Calculating EC Pipeline Limits
The target number of open EC pipelines SCM aims to maintain is calculated dynamically for each EC replication configuration (e.g., RS-6-3, RS-3-2). The calculation is based on the following two properties, with the final target being the greater of the two resulting values.
-
ozone.scm.ec.pipeline.minimum- Description: The guaranteed minimum number of open pipelines to maintain for each EC configuration, regardless of other factors.
- Default Value:
5
-
ozone.scm.ec.pipeline.per.volume.factor- Description: A factor used to calculate a target number of pipelines based on the total number of healthy volumes across all Datanodes in the cluster.
- Default Value:
1.0
Calculation Logic
SCM first calculates a volume-based target using the formula:
(<pipeline.per.volume.factor> * <total healthy volumes>) / <required nodes for EC config>
The final target number of pipelines is then determined by:
max(<volume-based target>, <pipeline.minimum>)
Example
Consider a cluster with 200 total healthy volumes across all Datanodes and an EC policy of RS-6-3 (which requires 9 nodes).

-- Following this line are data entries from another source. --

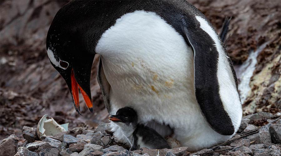 This archipelago represents the northernmost tip of Antarctica, standing proud against the relentless force of the Southern Ocean. The ice-capped peaks of Livingstone, Greenwich, and King George Islands offer a stunning backdrop to explore. And despite the furious elements, the islands boast a remarkable richness of wildlife, with numerous colonies of Gentoo and Chinstrap Penguins dotting the island shores, accompanied by an array of formidable seabirds like the predatory Giant Petrels. Weather permitting, we’ll explore the eerie landscape of Deception Island, an active volcanic crater with black steaming sands and rusting ruins, and immerse ourselves in the history of Yankee Harbour, once a vital anchorage for sealers.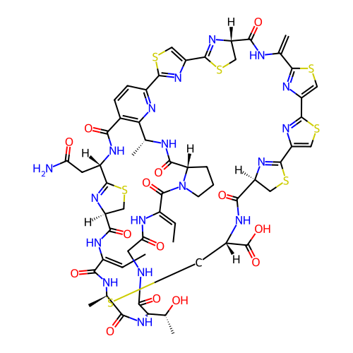 | SMILES | C/C=C\1/C(=O)N[C@@]2(C(=O)N[C@H](C(=O)NCC(=O)N/C(=C\C)/C(=O)N3CCC[C@H]3C(=O)N[C@@H](C4=C(C=CC(=N4)C5=NC(=CS5)C6=N[C@@H](CS6)C(=O)NC(=C)C7=NC(=CS7)C8=NC(=CS8)C9=N[C@@H](CS9)C(=O)N[C@@H](CS2)C(=O)O)C(=O)N[C@H](C2=N[C@@H](CS2)C(=O)N1)CC(=O)N)C)[C@@H](C)O)C |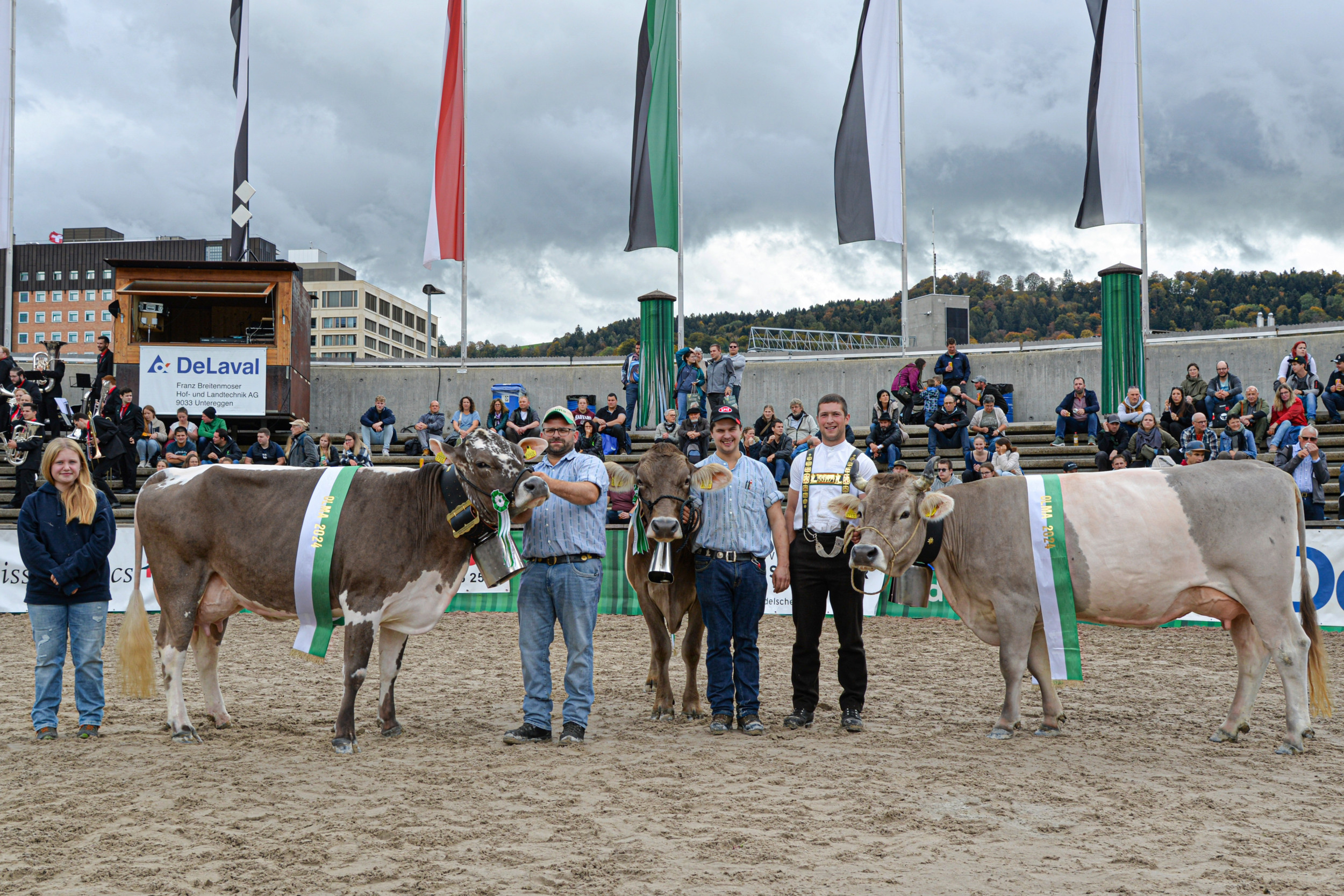 Die Tagessiegerin Blüem-Zeichnung Dora neben dem Exterieurchampion Goertli und der Gurtsiegerin Murmel an der letztjährigen Schau.

ozone.scm.ec.pipeline.minimum= 5 (default)ozone.scm.ec.pipeline.per.volume.factor= 1.0 (default)
- The volume-based target is:
(1.0 * 200) / 9 = 22 - The final target is:
max(22, 5) = 22
SCM will attempt to create and maintain approximately 22 open, RS-6-3 EC pipelines.
Production Recommendation
The default values are a good starting point for most clusters. If you have a very high number of volumes and a write-heavy EC workload, you might consider slightly increasing the pipeline.per.volume.factor. Conversely, for read-heavy workloads, the default minimum of 5 pipelines is often sufficient.